Stewart Crameri maintains the innocence of the Essendon 34 in the controversial drugs saga that occurred over a decade ago, saying the players were manipulated into sitting down with ASADA.

Essendon 34 member Stewart Crameri says the banned group of Bombers will go to their graves believing they were duped and “manipulated” into providing testimony to an ASADA investigation which never had evidence of their supposed guilt.

Crameri is the ultimate victim of the Essendon ASADA scandal, denied a premiership after crossing to the Western Bulldogs when he was banned along with his 33 former teammates for the 2016 AFL season.

While Jobe Watson was forced to hand back his 2012 Brownlow Medal, Crameri would have been a walk-up start in the Dogs’ flag outfit that won a drought-breaking premiership.

Stewart Crameri was one of the victims of the Essendon drugs saga.
Stewart Crameri was one of the victims of the Essendon drugs saga.

He told the Herald Sun’s Sacked podcast players never doubted their innocence but were told by the club they should agree to interviews with Australia’s anti-doping body, ASADA.

Essendon chairman Paul Little claimed in an unearthed recording that AFL boss Gillon McLachlan told him: “There is a 99 per cent chance that the players won’t be charged”.

They complied with requests to speak to investigators as part of Essendon’s self-reporting over the administering of supplements, but were never found with any banned substances in their bodies.

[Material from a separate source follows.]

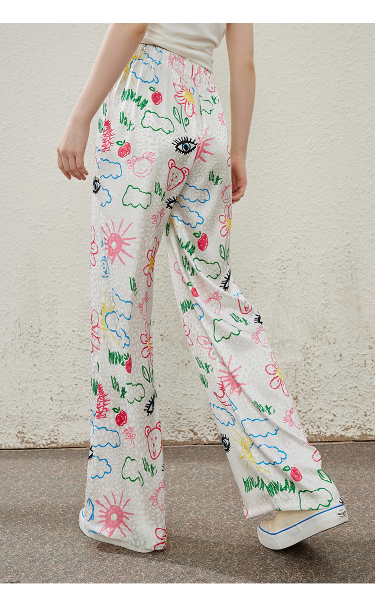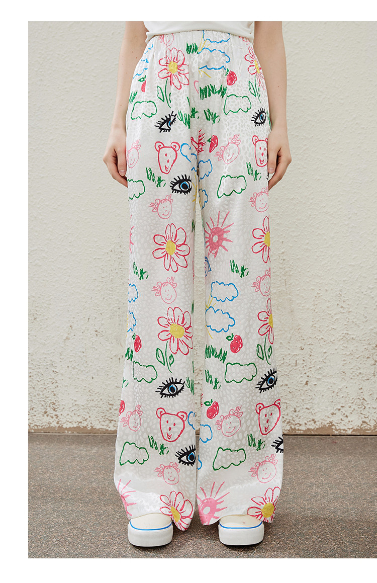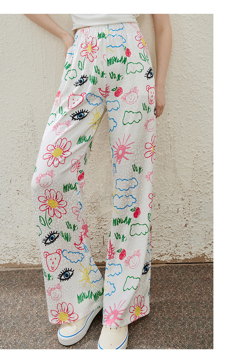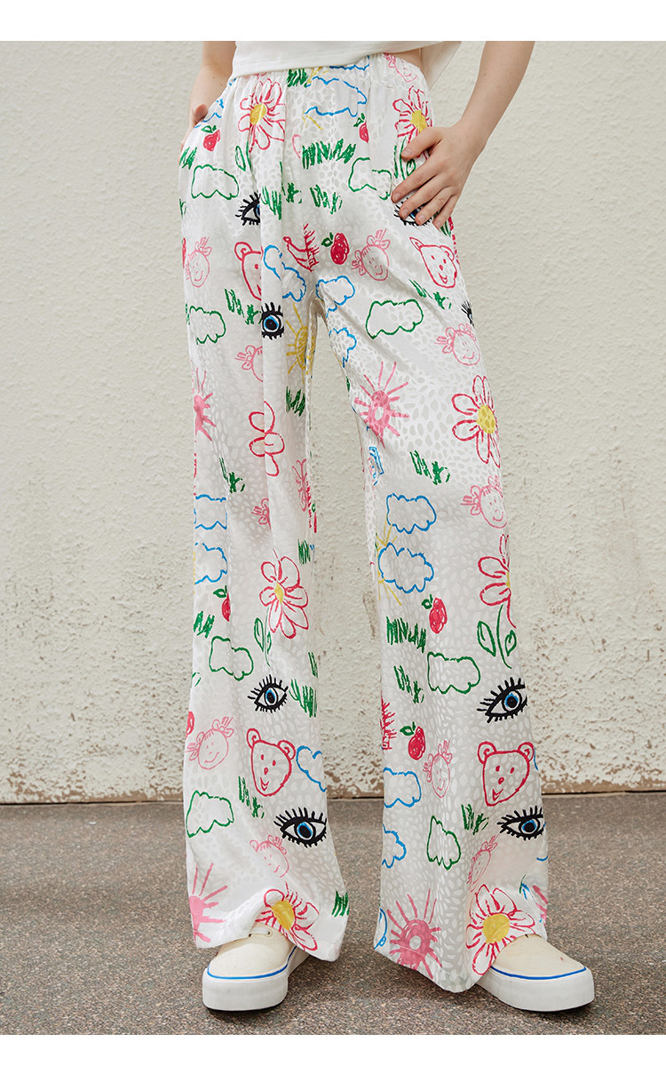 卡通别致设计感百搭时尚宽松薄款阔腿裤夏季女式休闲裤 814237

NRL players refused interviews over similar accusations and ultimately accepted backdated 12-month bans which saw him missing only the last few months of the 2014 season.

Essendon’s players were charged then cleared by ASADA but a Court of Arbitration for Sport ruling saw them suspended for a season on January 12, 2016.

“I am thinking, ‘Are we in trouble here or what’s going on,’” Crameri said of the day Essendon self-reported.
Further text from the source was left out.